PE.com-An algae bloom at Diamond Valley Lake near Hemet has affected the water supply for a vast swath of Southern California, making tap water for some people in Riverside and San Diego counties taste “musty” or “earthy,” according to the Metropolitan Water District.
Officials say, however, that the water poses no health hazards to those who drink it. They also say it is not a threat to fish or wildlife.
The massive water district operates Diamond Valley Lake as a reservoir and water from that 4,500-surface-acre lake is commingled with the supply at Lake Skinner near Temecula, a 1,400-surface-acre body of water.
MWD taps both Diamond Valley and Lake Skinner to send water to the San Diego County Water Authority and the huge water wholesaler also provides water from those reservoirs to local districts that serve Southwest Riverside County agencies: the Eastern Municipal Water District and the Western Municipal Water District.
Western spokeswoman Michele McKinney Underwood said the musty odor may be more pronounced for customers of the San Diego County Water Authority, which was receiving raw water. But local customers have reported getting a faint whiff as well.
“We did get one email that I’m aware of from someone in the Murrieta area,” she said. “More than anything, it was the San Diego area.”

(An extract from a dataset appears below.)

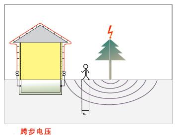 雷電發(fā)生時,周邊上的樹木可能會成為引雷的物體,當雷電擊中樹木時,強大的雷電流會在樹木周圍形成極高的電勢差,若人的兩腳站在不同的電勢地面時,就會產(chǎn)生跨步電壓U。這種跨步電壓可能 會結人體造成至命的危險。

Eastern Municipal Water District spokesman Kevin Pearson said there’s no cause for alarm if local residents get water that appears to have been affected by the bloom, a common occurrence at open surface reservoirs in warm months.
“It poses absolutely no health and safety risk whatsoever,” he said.
The Rancho California Water District in Temecula purchases water from both Western and Eastern to serve its customers. Rancho spokeswoman Meggan Valencia said the district treats that supply before sending it along to homes. Some people with keen noses, however, may be able to notice a difference.
“They can still smell the trace amounts in our water,” she said.
To improve the taste of water affected by the bloom, Valencia said people can chill it before consuming.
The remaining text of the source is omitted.